*** Opening of Task input ***

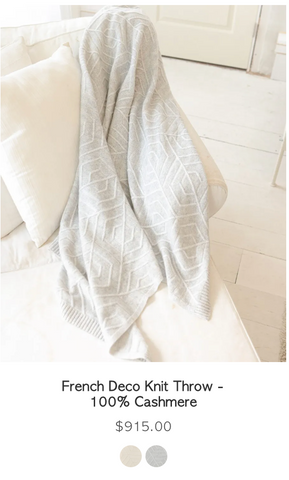 Add modern luxury to your home with the Cashmere French Deco Throw. Made in super soft, 100% Cashmere and featuring a gorgeous French deco knit pattern. This throw looks fantastic over a couch or chair and also adds a beautiful touch to any bedroom. Available in two color combinations to accentuate any color palette. This is the ultimate cashmere blanket!
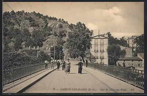 AK Amélie-les-Bains, Sur le nouveau pont avec vue sur les collines et bâtiments environnants
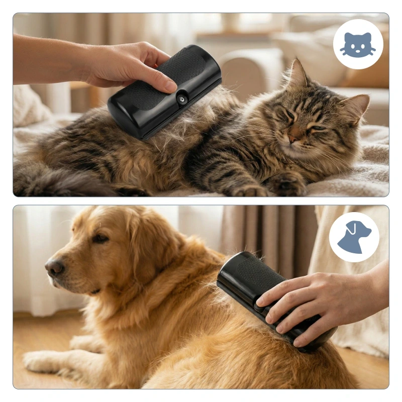 Ich habe zwei Hunde und eine Katze, und dieser Kamm funktioniert bei allen dreien. Ich liebe den Griff, das Bürsten geht schnell und das Fell landet im Müll statt auf mir.
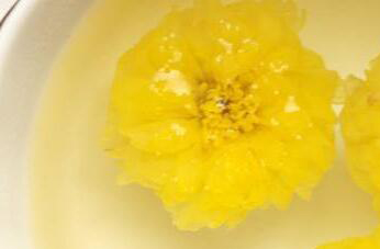 1、怀菊花的冲泡方法比较简单,想用它泡水喝的时候可以取5朵左右的怀菊花,直接放到干净玻璃杯中,这时需要冲入90度左右的开水,水的数量不要过多,刚刚淹没怀菊花就可以用手轻轻摇晃,让怀菊花与水充分接触,把它表面的浮尘洗干净以后,把水倒掉,再次向玻璃杯中冲水,冲水后3~5分钟就能取出里面的汤汁代茶饮用。
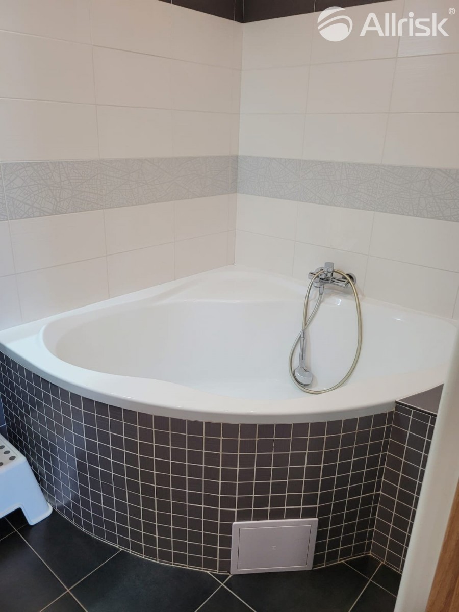 Prostorná koupelna s rohovou vanou, zděné jádro.
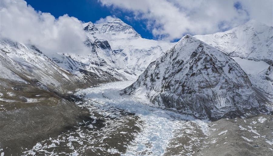 位于珠穆朗玛峰脚下海拔5400米左右的中绒布冰川,巍峨壮观,冰塔林托起世界最高峰,让人叹为观止。
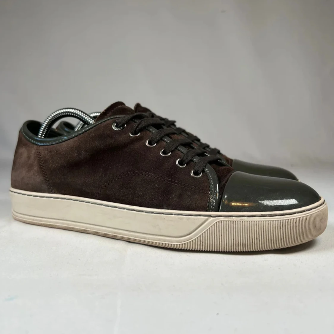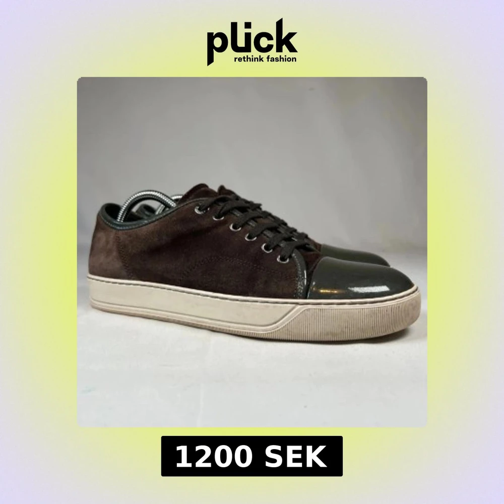 Snygga bruna sneakers i mocka med mörkgrå lackad tå och matchande snörning. Skorna har en vit platt sula och rund tå, vilket ger en clean och modern look. Perfekta för dig som gillar stilrena detaljer och kontrasterande material.
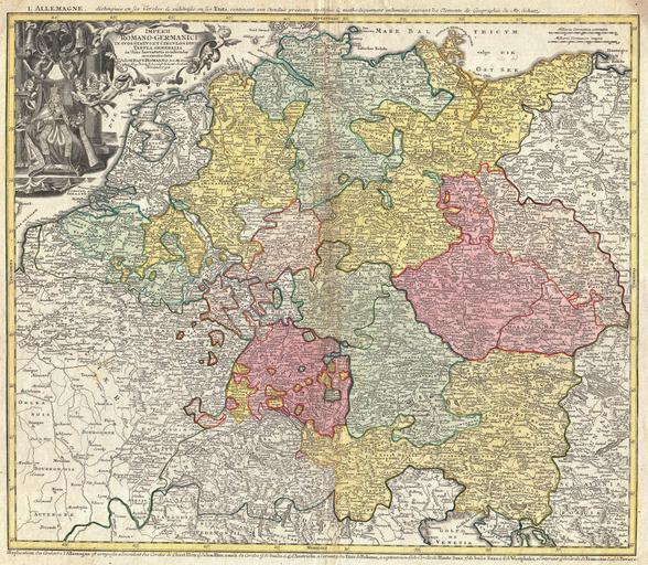 Keywords: 1740 Homann Map of the Holy Roman Empire ( Germanic Empire ) - Geographicus - ImperiiRomanoGerman-homann-1740.jpg A beautifully detailed c 1740 J B Homann map of those parts of Europe dominated by the Holy Roman Empire or the German Empire Depicts most of central Europe from the Netherlands eastward as far as Poland and Hungary and as far south as northern Italy and the Gulf of Venice Elaborate title cartouche in the upper left quadrant features the Emperor surrounded by angels and heraldic symbols Map scales in upper right hand quadrant Key to color coding outside border on lower margin Alternative title in French in top margin L ™ Allemagne distinguee en ses Cercles subdivisee en ses Etats contenant los Elements de Geographiae de Mr Shatz This map was drawn in Nuremberg by J B Homann and included in the 1752 Homann Heirs Maior Atlas Scholasticus ex Triginta Sex Generalibus et Specialibus ¦ circa 1720 undated Size in 21 18 75 object history credit line accession number ImperiiRomanoGerman-homann-1740 <i>Major Atlas Scholasticus Ex Triginta sex Generalibus et Specialibus Mappis Homannianis </i> c 1730 / Also issued in Homann's <i>Grosser Atlas</i> Geographicus-source PD-old-100 Johann Baptist Homann Old maps of the Holy Roman Empire 1740 maps Maps in Latin |
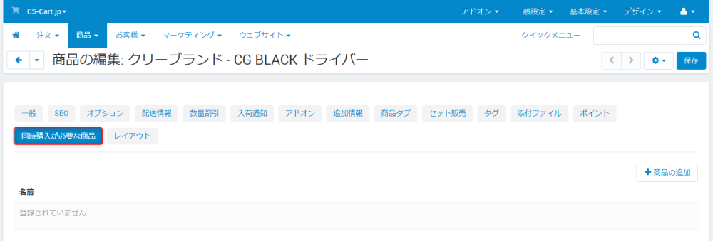 商品詳細編集ページにおいて、「同時購入が必要な商品」タブを選択し、この商品と同時購入が必要な他の商品を選択します。
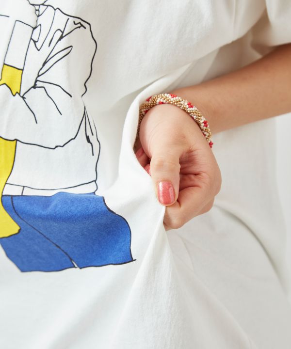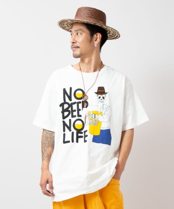 【Amina×YOKOHAMA BEER×grn】ビールを抱えるカラベラ柄がユニーク。ゆったり着られて発泡プリントの遊び心も光るTシャツ。
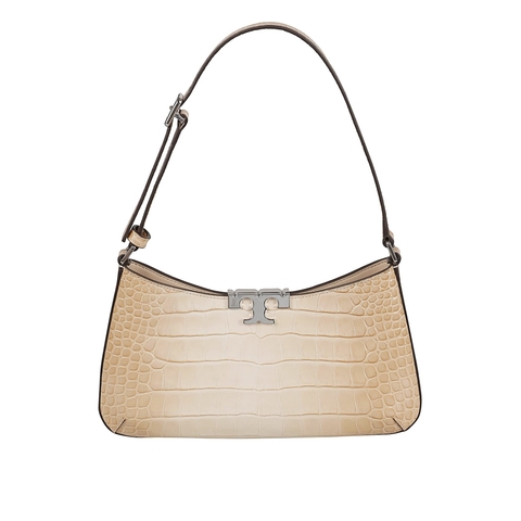 Tory Burch Ladies Shoulder Bag. SKU: 167025.65. Color: Pale Blush. Size: W Height: 5.9 (15cm) x H x D cm handle length: 10.. Tory Burch Eleanor Croc Embossed Slim Shoulder Bag. The ladylike silhouette is finished with smooth Double T hardware. A jewel of craftsmanship, designed to carry with ease.. Croc embossed leather. Magnetic snap closure. Adjustable shoulder strap with 8. 3 (21cm) drop. 2 interior back wall pockets. Dust bag included. Composition: 100% Cow Leather
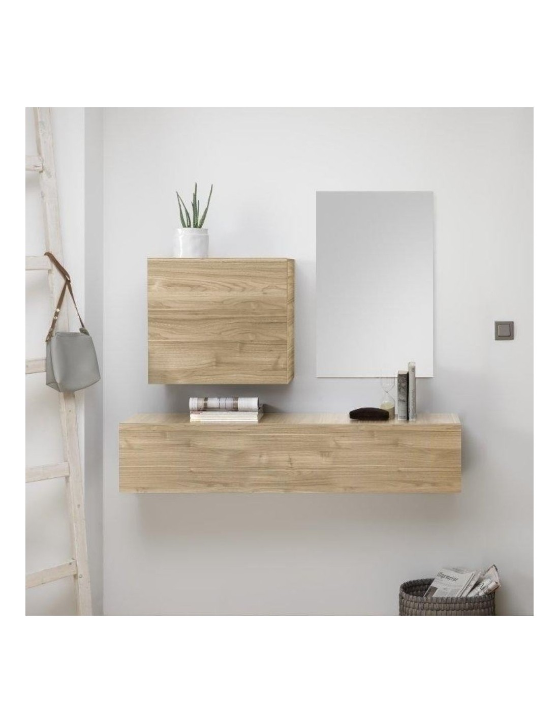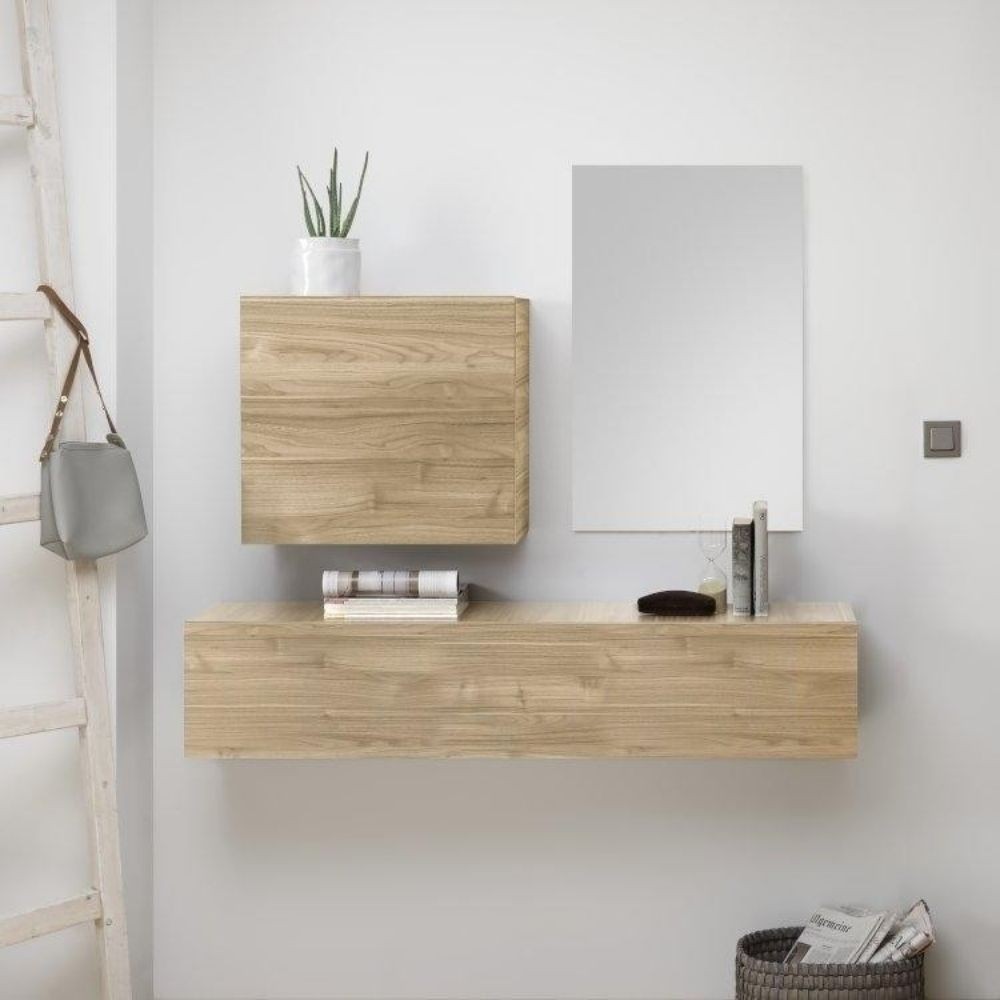 Mobile ingresso rovere bianco con scarpiera e specchio Mosso MO6
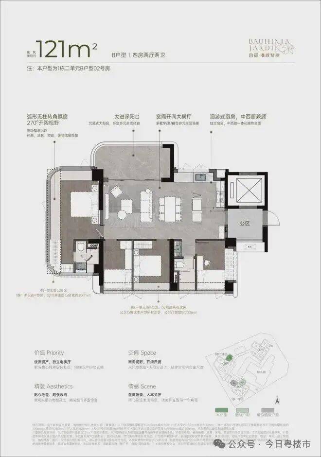 • 270°弧形无柱大尺度飘窗、大宽厅、大阳台,带来更多使用空间。
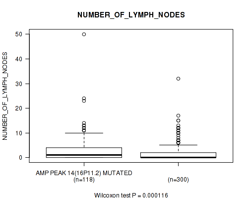 amp_16p11.2 cnv correlated to 'NEOPLASM_DISEASESTAGE', 'PATHOLOGY_N_STAGE', 'HISTOLOGICAL_TYPE', and 'NUMBER_OF_LYMPH_NODES'.

*** Close of Task input ***

Give back, unaltered, each line of the listing from the first to the line that contains "Ich habe zwei", leaving every picture out.

▸ **Answer**:
 Add modern luxury to your home with the Cashmere French Deco Throw. Made in super soft, 100% Cashmere and featuring a gorgeous French deco knit pattern. This throw looks fantastic over a couch or chair and also adds a beautiful touch to any bedroom. Available in two color combinations to accentuate any color palette. This is the ultimate cashmere blanket!
 AK Amélie-les-Bains, Sur le nouveau pont avec vue sur les collines et bâtiments environnants
 Ich habe zwei Hunde und eine Katze, und dieser Kamm funktioniert bei allen dreien. Ich liebe den Griff, das Bürsten geht schnell und das Fell landet im Müll statt auf mir.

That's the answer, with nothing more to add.